I’m in the beautiful walled city of Avila, Spain for the European Ecology Congress. It is at a lovely venue and with about 800-1000 attendees, seems like just the right size. It is a young meeting, with relatively few old-timers like me, but there is an excitement, and the talks have been excellent. Each session starts with a keynote, where the person gets 25 minutes, followed by a bunch of 15 minute talks. The most interesting aspects of the sessions I went to was that they usually include several 3-minute ‘flash’ talks, which surprisingly works. I spent the day going to talks in two sessions, plus a plenary talk by Jordi Bascompte, and here are the talks I saw*:
*sorry about the abrupt, choppy nature of some of the entries, there were a lot of talks, and they go until after 7pm.

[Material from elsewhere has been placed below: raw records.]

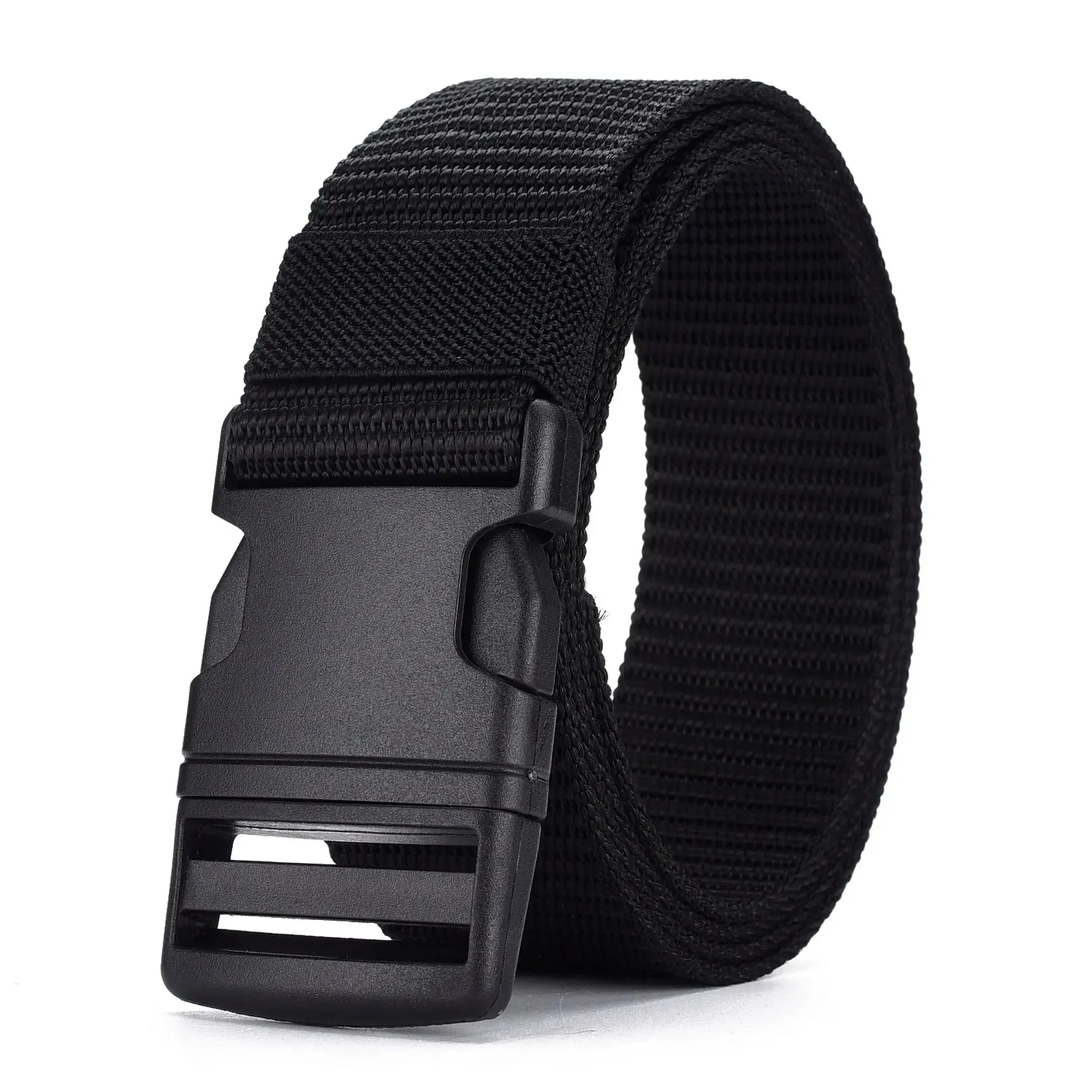 Men’s Outdoor Tactical Belt – No Metal Buckle (Plastic), Nylon Canvas Woven, Heavy Duty High Quality Webbing
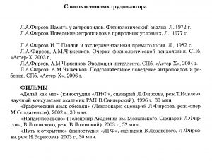В 1973 году Л.А. Фирсов защищает диссертацию на соискание степени доктора медицинских наук по материалам монографии “Память у антропоидов. Физиологический анализ”.
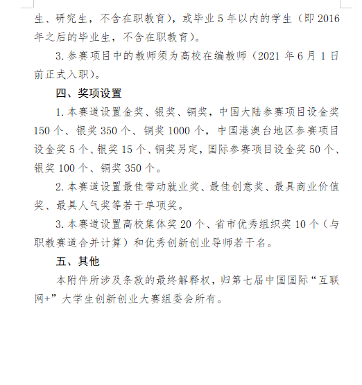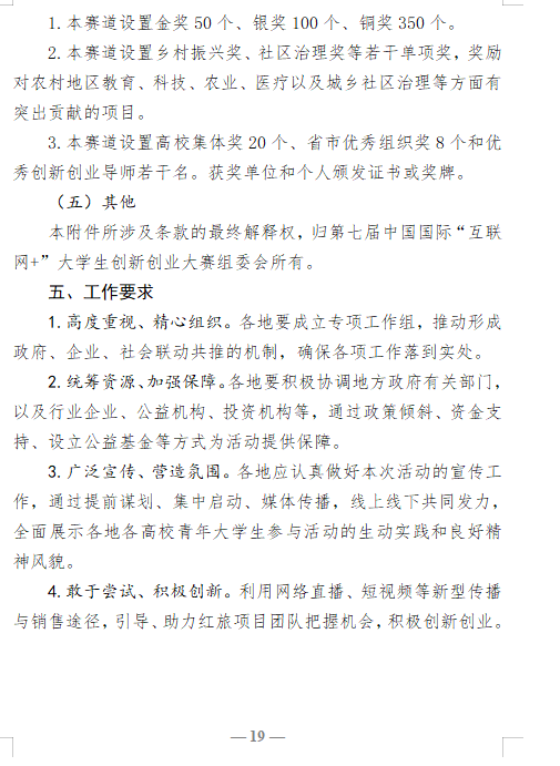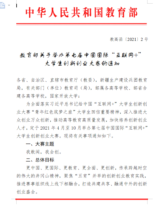 教育部关于举办第七届中国国际“互联网+” 老员工创新创业大赛的通知
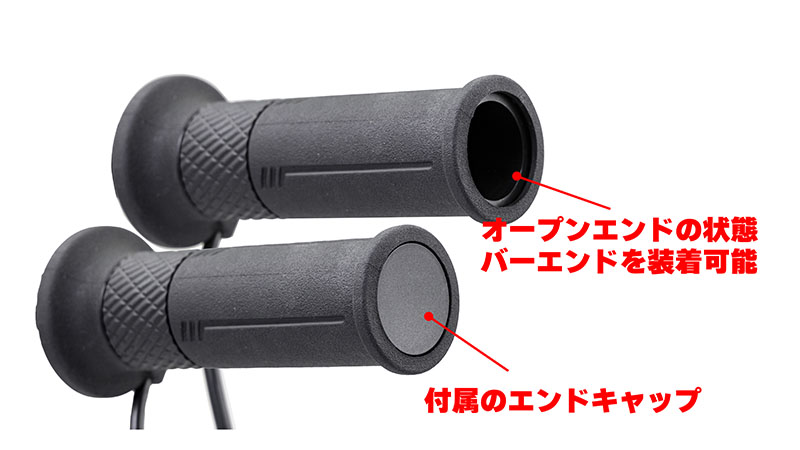 付属のエンドキャップを外せば、純正をはじめ、各種バーエンドに対応可能です
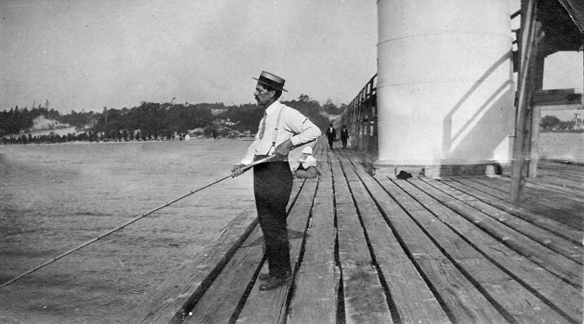Black and white photo of a man in a straw hat fishing from the north side of the south pier at Grand Haven, Michigan. Dewey Hill can be seen in the background.
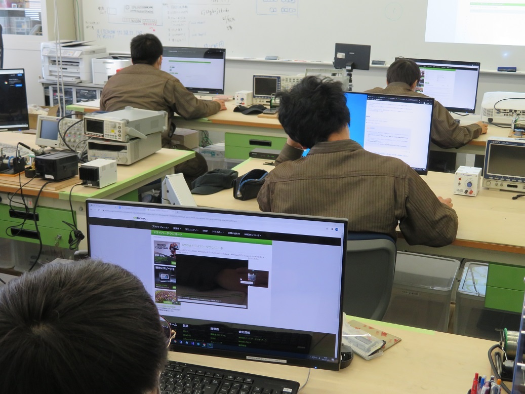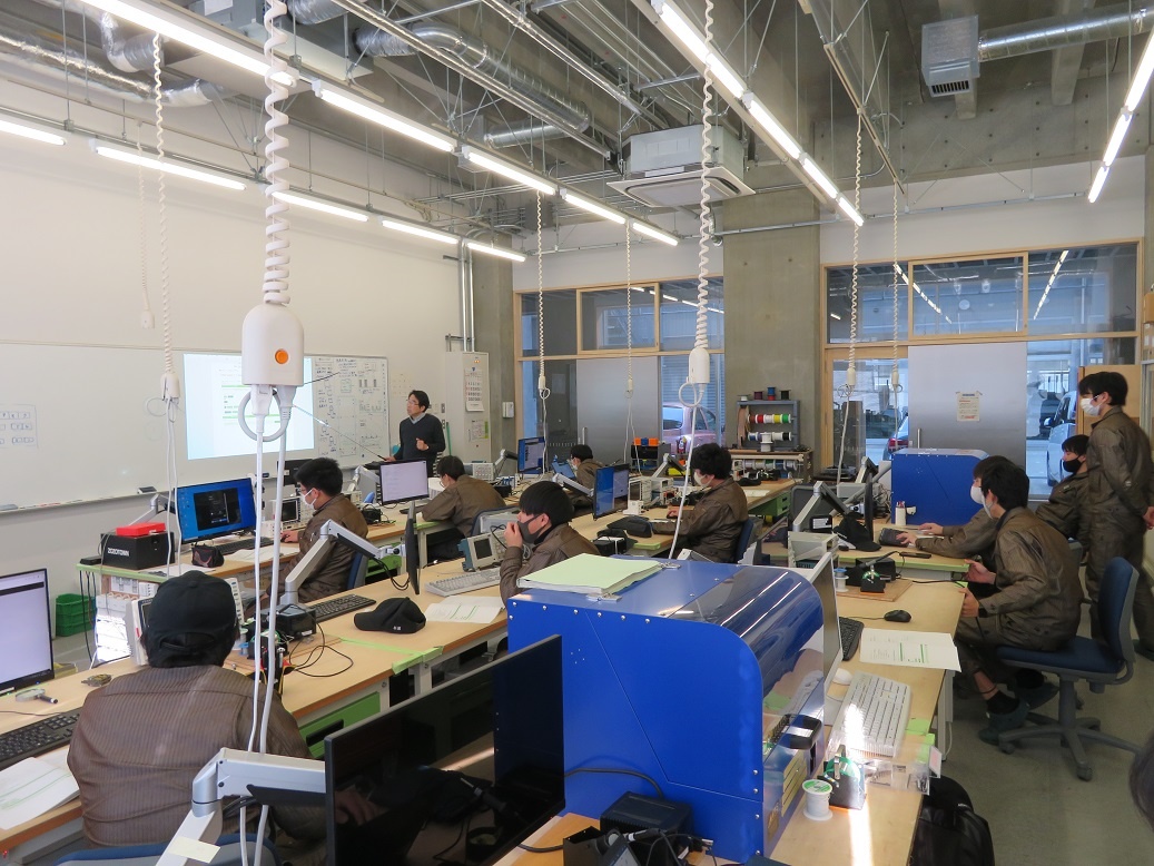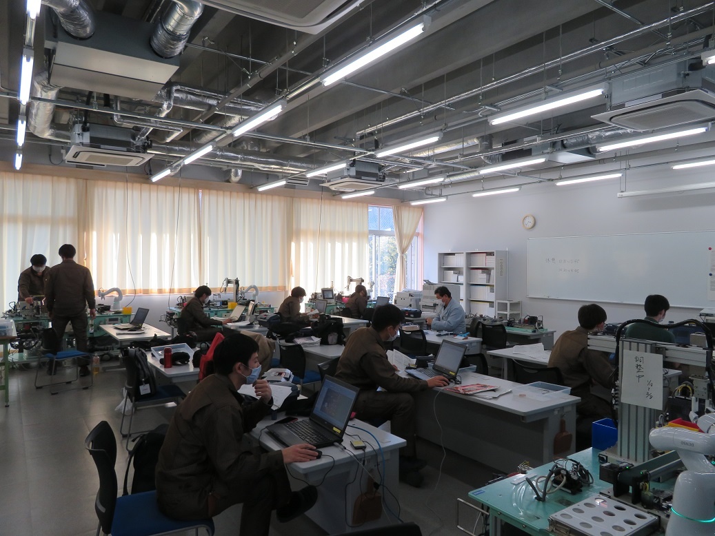2年生がコース実習でした。自動車・航空産業コースは休講だったため、3コースが実習を行いました。 産業システムは「FAネットワーク2(データ通信概要)」、情報システムは「AI・機械学習(基礎)」、エネルギー産業は幼稚園に贈るイルミネーションの作成に取り組んでいました。

I spent the morning in a session on biodiversity and ecosystem function under environmental change. Most of these talks we by people associated with the BACCARA project on forest biodiversity.
1) Xavier Morin, Montpellier, talked about climate change and tree diversity and productivity. Looked at SR (see glossary at end for acronyms) and FD on biomass produced. Do grassland BEF studies predict frost ones, with no opportunity for random assembly? Use forest dynamics model where species are defined by rigorous parameterization –one can examine long-term dynamics and many species combinations. Simulated 30 species monocultures and many combinations from 2-30. Strong relationship between realized richness and productivity, but a lot of variation. 93% of 30 species plots show transgressive over-yielding after 2000 years. FD predicts increase in productivity. Assess future climates from three climate change scenarios, always steeper slope with future climate, meaning diversity is more important in the future. This was a great talk.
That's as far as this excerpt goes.